There was also a huge amount of sexual harassment that came with the territory. So I would sort of dabble in the modeling and then I’d step back and I’d get a job as a waitress. I knew I wasn’t going to try to make a career out of modeling. Whether I could have or not, I don’t know, but I decided not to do that. Though, it left me with a life-long interest in the whole idea of what beauty is, what it means, who wins, who loses, and why the image is so powerful.
Those were the kinds of questions that drew me in as I looked at the images in these ads I was collecting. With my own experience of being turned into an object and how that felt, I was very aware of the fact that this attention was going to be very short-lived—that to be a beautiful young woman was somewhat like being very rich, but with the absolute assurance that you would someday be bankrupt. I could see that happening all around me. As women aged out, which in those days was hitting thirty, they were often treated with contempt. Or, at the very least, they became invisible.
In 1969, I decided to become a teacher and I went back to school.
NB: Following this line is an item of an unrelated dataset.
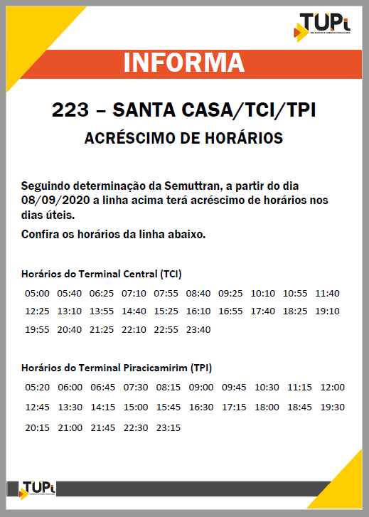 Linha 223-Santa Casa/TCI/TPI tem acréscimos de horários

I got a master’s degree and I taught at a suburban high school for three years and then I taught at Emerson College in Boston for three years. It was during that time that I really started using the slides of the ads that I’d collected. I had put together a slide presentation that I called “The Naked Truth: Advertising’s Image of Women.” It was very powerful when I used it in my classes. The students loved it. They had never thought of any of this before and it forced them to look at things in a very different way.
So I knew that I was onto something, but it took me quite a while to really make it my career. There were a couple of reasons for that. One is that I had a real terror of public speaking. I was always a good public speaker, but I was just so terrified of it. However, I had something I really wanted to say. So I just did it and, as with anything, eventually it became much easier.
The other thing that really coincided with my deciding to make this a career was that I quit drinking in the spring of 1976. It was soon thereafter that I got an agent and started to give the slide presentations all around the country. Sobriety gave me energy and it gave me confidence and a sense of possibility. I hadn’t had any of that before.
This is also one of the reasons why I’ve been so concerned for so many decades about alcohol and alcoholism, particularly as they affect women. I saw what happened to me—all this potential was being drowned. I was a very high-functioning alcoholic, but nonetheless I was running on one cylinder. My sobriety helped launch my career and my feeling that this was what I wanted to do.
Bill White: When did your work begin to focus on alcohol, tobacco, and pharmaceutical advertising?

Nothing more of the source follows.